I discovered this when trying to upgrade a machine from
netbsd-7 to netbsd-8 which has this controller and disks:
aac0 at pci6 dev 0 function 0: IBM ServeRAID 8k
aac0:0 interrupting at ioapic0 pin 17
aac0: Enabling 64-bit address support
aac0: Enable 64-bit array support
aac0: New comm. interface enabled
aac0: MIPS 5KC at 250MHz, 32MB mem (16MB cache), optional battery not installed
ld0 at aac0 unit 0: RAID 1 (Mirror)
ld0: 232 GB, 30378 cyl, 255 head, 63 sec, 512 bytes/sect x 488036352 sectors
ld1 at aac0 unit 1: RAID 10
ld1: 465 GB, 60757 cyl, 255 head, 63 sec, 512 bytes/sect x 976072704 sectors
The 8.0_BETA kernel booted, and I managed to extract the
'base' set and 29% of the 'comp' set before it panic'ed:
fatal page fault in supervisor mode
trap type 6 code 0 rip 0xffffffff8051cee3 cs 0x8 rflags 0x10246 cr2 0 ilevel 0x6 rsp 0xfffffe810e8fecd8
curlwp 0xfffffe823f731840 pid 0.2 lowest kstack 0xfffffe810e8fc2c0
panic: trap
cpu0: Begin traceback...
vpanic() at netbsd:vpanic+0x140
snprintf() at netbsd:snprintf
startlwp() at netbsd:startlwp
alltraps() at netbsd:alltraps+0x96
aac_new_intr() at netbsd:aac_new_intr+0xb0
intr_biglock_wrapper() at netbsd:intr_biglock_wrapper+0x1d
Xintr_ioapic_level1() at netbsd:Xintr_ioapic_level1+0xf2
--- interrupt ---
x86_stihlt() at netbsd:x86_stihlt+0x6
acpicpu_cstate_idle_enter() at netbsd:acpicpu_cstate_idle_enter+0xdb
acpicpu_cstate_idle() at netbsd:acpicpu_cstate_idle+0xdb
idle_loop() at netbsd:idle_loop+0xf8
cpu0: End traceback...
Catching it in ddb points towards a null pointer de-reference inside
the expansion of the SIMPLEQ_FIRST macro in aac_ccb_enqueue, even
though this looks on the surface of it decidedly nonsensical.
So now the machine is hosed and requires a physical visit, even
though I have a remote serial console.
Apparently the aac driver needs to be properly converted to use the
multithreaded synchronization primitives, but it's not as simple as
just replacing splbio() with mutex_enter() and splx() with
mutex_exit(), because there are certain operations which are not
permitted while holding such a mutex, such as doing malloc() and
calling bus_* functions.

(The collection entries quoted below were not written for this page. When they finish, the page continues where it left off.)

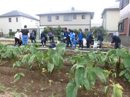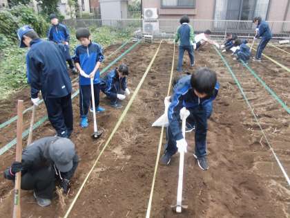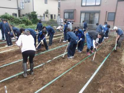 9月7日(金)の放課後、1年生は大蔵大根栽培の畝づくりを行いました。昨日、雑草をとり耕した畑に鍬を入れて、畝をつくりました。明日は種まきです。
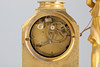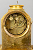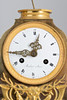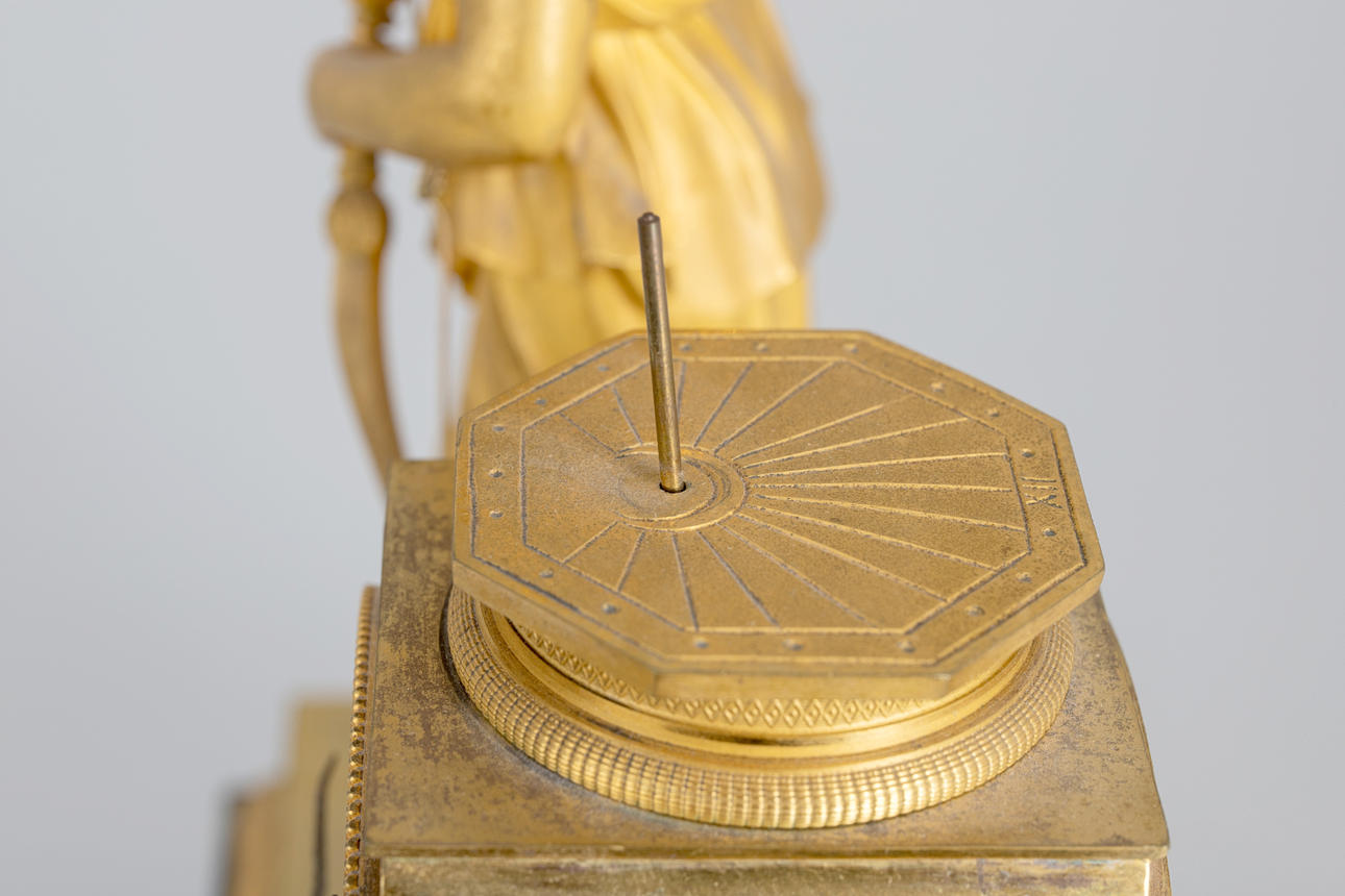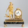 Fire-gilded bronze. Rectangular marble plinth on bell-like feet on balls. Three-sided palmette frieze on the contrasting base zone of the rectangular watch case. The narrow sides slightly slanted upwards and curved. Crowning sundial (gnomon missing). White enamel dial with Roman hours and quarter-hour display with Arabic numerals. Pendulum with key lift and half-hour bell. On the right, standing next to it is the figure of Diana with a bow and arrow accompanied by a hunting dog. The dial inscribed 'Barberi á Paris'. HxWxD: 40 x 32.5 x 12 cm.
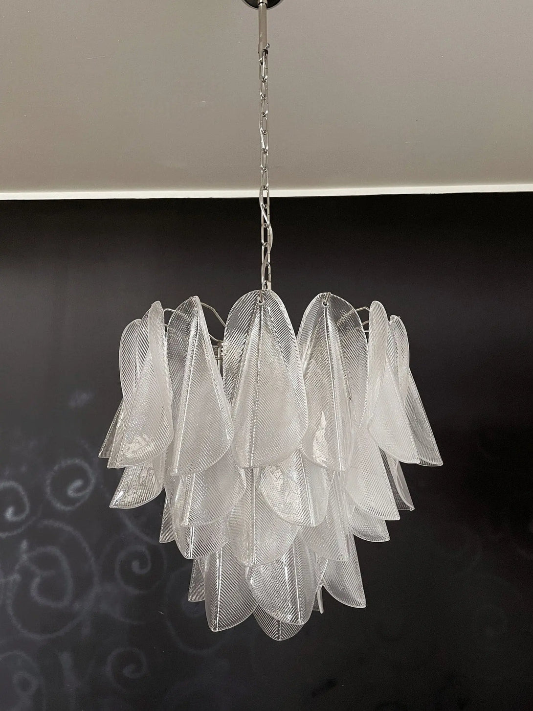 Introducing the Murano Chandelier - Rondini, featuring 41 handcrafted glass leaves in a stunning transparent design. With authentic Murano craftsmanship, this chandelier adds a touch of elegance and sophistication to any space. Elevate your lighting with a touch of Italian style.
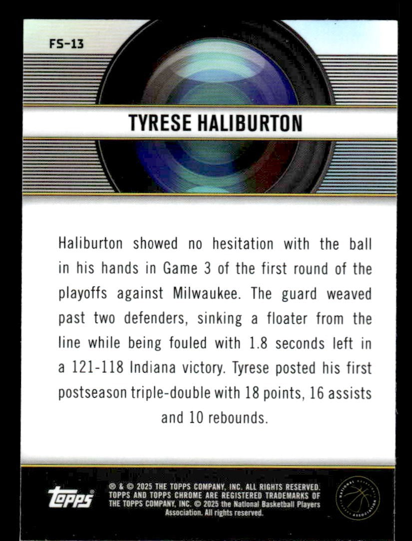 This is a sharp example of the 2024-25 Topps Chrome #FS-13 featuring Tyrese Haliburton.
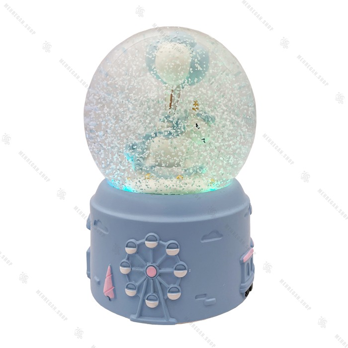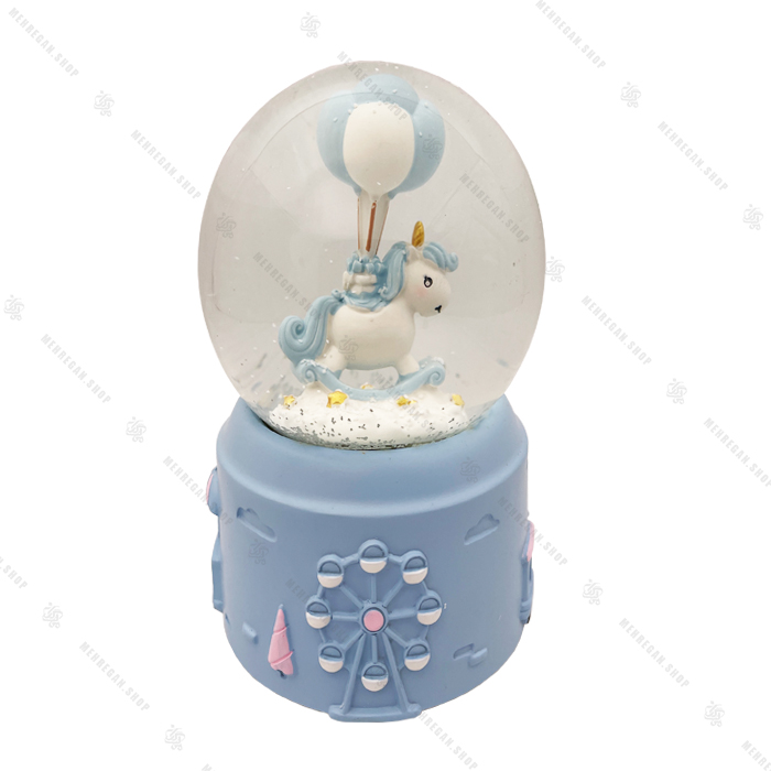 سایر مشخصات | مجسمه اسب سفید با یال آبی, دارای پایه آبی رنگ به طرح چرخ و فلک برجسته, باطری خور, دارای پمپ گردش برف اتومات داخل گوی |

So how this driver should be converted but
still retaining its required mutual exclusion is not trivial, and
certainly above my current abilities, so "Help!"
>How-To-Repeat:
Try to minimally stress an 8.0_BETA machine with an 'aac' disk
subsystem, and watch it panic.
>Fix:
Sorry, don't know, ref. the above.
>Release-Note:
>Audit-Trail:
From: Havard Eidnes <he@NetBSD.org>
To: gnats-bugs@NetBSD.org
Cc:
Subject: Re: kern/52462: aac driver (and possibly others) needs MPification
Date: Sat, 05 Aug 2017 00:13:55 +0200 (CEST)
Hm, the list of drivers 'below' ld is incomplete at best,
e.g. twa.c also uses splbio() for mutual exclusion.
So if the missing concurrency protection is indeed what caused
the problem in the first place, there are more drivers in need of
repair.
Regards,
- H=E5vard
From: mlelstv@serpens.de (Michael van Elst)
To: gnats-bugs@netbsd.org
Cc:
Subject: Re: kern/52462: aac driver (and possibly others) needs MPification
Date: Sat, 5 Aug 2017 05:44:57 -0000 (UTC)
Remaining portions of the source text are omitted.